Issue 2: When I turn now the very loud moaning & popping sounds hit until she is good and hot. Is this normal?

My Q's are:
1) When do you know to replace a 2" ball?
2) If the ball is getting a bit chewed, am I cranking the Robin Ind. weight dist. bars down too tight?

Also- Many past posts reference the dealer setups on the tow setup are wrong. I could not find an article on what is right? Even the Robin docs do NOT say how to adjust...Only install? Very odd science indeed









Jeff & Sharon (SE Michigan)
Outback 2005 28rss
2005 Tahoe w/ Tow kit 
Robin Industries 2" ball hitch w/ sway & load dist. system. 800lb bars.


----------



## johnp (Mar 15, 2004)

First and most important YOU HAVE THE WRONG SIZE BALL!!! You need to change that ball to a 2 5/16". The moaning and groaning is when turning is normal.

John


----------



## California Jim (Dec 11, 2003)

Agreed. I think all OB's are 2 5/16". When I first started towing I didn't lube the ball at all and it started to get chewed up a bit. Since I started lubing it every time no more damage.

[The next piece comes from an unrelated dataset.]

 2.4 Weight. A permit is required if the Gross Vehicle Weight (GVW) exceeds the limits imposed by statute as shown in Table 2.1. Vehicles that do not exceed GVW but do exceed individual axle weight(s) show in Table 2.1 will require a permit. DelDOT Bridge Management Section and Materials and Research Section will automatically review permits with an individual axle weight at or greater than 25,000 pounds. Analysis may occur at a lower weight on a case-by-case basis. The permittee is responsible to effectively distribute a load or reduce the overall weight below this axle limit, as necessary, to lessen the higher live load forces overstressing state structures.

After you get the right ball find a way to use a fine file up in the coupler to get rid of any rough spots that will do more damage. Then LUBE.


----------



## bill_pfaff (Mar 11, 2005)

2 5/16 & lube sounds like the fix to me.


----------



## Y-Guy (Jan 30, 2004)

The other thing to do is put the tongue on blocks and secure the trailer (don't fully rely on the tongue jack. Get down under the hitch and see if you can find anything sharp that is protruding. Clean the area completely, pressure wash or whatever you need to do. Replace the ball with a good quality one, you'll find cheaper ones but the few bucks more can get you a better quality usually. Then also buy some hitch lube, thick grease and lube the ball and hitch. When I'd park mine I'd slip on a rubber glove to keep the junk off the ball and hitch, and since I had a box of gloves for dumping I always have them around. As the others noted though if you have the wrong size ball that will explain why its all chewed up.


----------



## jeff28rss (Jul 16, 2005)

Everyone THANKS! So much! Perfect.. Just the info I needed.

1) I see on the top of the ball it say's 2-5/16 I only saw a bin w/ 2" at the RV store. Just assumed they were all 2'.
Got it now~! 
Also- Will get a good ball when I return.

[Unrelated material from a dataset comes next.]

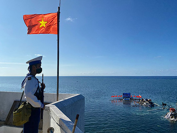 Ở huyện đảo Trường Sa, sáng thứ 2 hàng tuần và các dịp lễ trọng, đặc biệt là ngày đầu năm mới, chào cờ là nghi lễ luôn được tổ chức trang trọng. Hình ảnh lá cờ đỏ sao vàng tung bay đã góp phần cổ vũ, động viên mỗi cán bộ, chiến sỹ và người dân Trường Sa quyết tâm vượt qua mọi gian khó, bảo vệ và xây dựng quần đảo trở thành pháo đài phòng thủ vững chắc trên biển Đông.

2) Thanks for the tips on the ball lube, and the socket prep! Excellent stuff.

PS- Have I noted how much I LOVE my Outback!

Thanks everyone! JJ


----------



## hurricaneplumber (Apr 12, 2004)

I found weld splatter up in the ball socket, a little dremel tool grinding it out and is much better.
Grab a flashlight and see if there is anything up in the hole.

Kevin


----------



## CamperAndy (Aug 26, 2004)

The balls are softer then the coupler for the fact that if they both were to wear out you would have very little indication the coupler was wearing until it failed. Very few people look up under and into the coupler. The ball is sacrificial.

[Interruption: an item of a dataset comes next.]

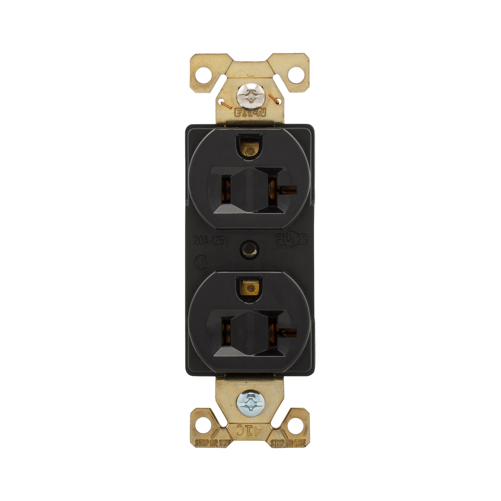 EATON Arrow Hart® AH5352BK Auto Grounding Duplex/Single Standard Straight Blade Receptacle, 125 VAC, 20 A, 2 Poles, 3 Wires, Black

My ball has significant signs of wear from towing 3000 miles. Most of which are going up and down mountain river roads. With lots of turns and hills. I plan on replacing mine after this season but there is enough over design in it that I could still use it for years to come without danger.


----------



## wercertifyable (Jun 23, 2005)

Hi Jeff!

I too am from SE Michigan, Chesterfield to be exact. You have the same setup I have, probably from General RV in MT. Clemens. What you have heard is correct, you must change to a 2 5/16 inch ball hitch mount ball. You also probably have the draw-tite anti-sway too. That is a friction anti sway which will creak and groan, but you will notice that it only does it when turning, that is the bar doing its job. Be sure to grease all 3 balls, the hitch ball and both balls that the sway bar hitches to. This will prevent your TT and TV from being problematic when trying to un-hitch. Never grease the draw tite main body, as that will remove the friction and consequently stop it from doing its job, rendering it useless and putting you at risk. Also be sure to take your draw-tite (anti-sway) off when manuvering into your camping spot or driveway. This is my first travel trailer and I listened to all the veterans and this board for the advise I have provided above. Please forgive me if you already knew that stuff, I'm just trying to be helpful!

Good luck and have a lot of fun camping!


----------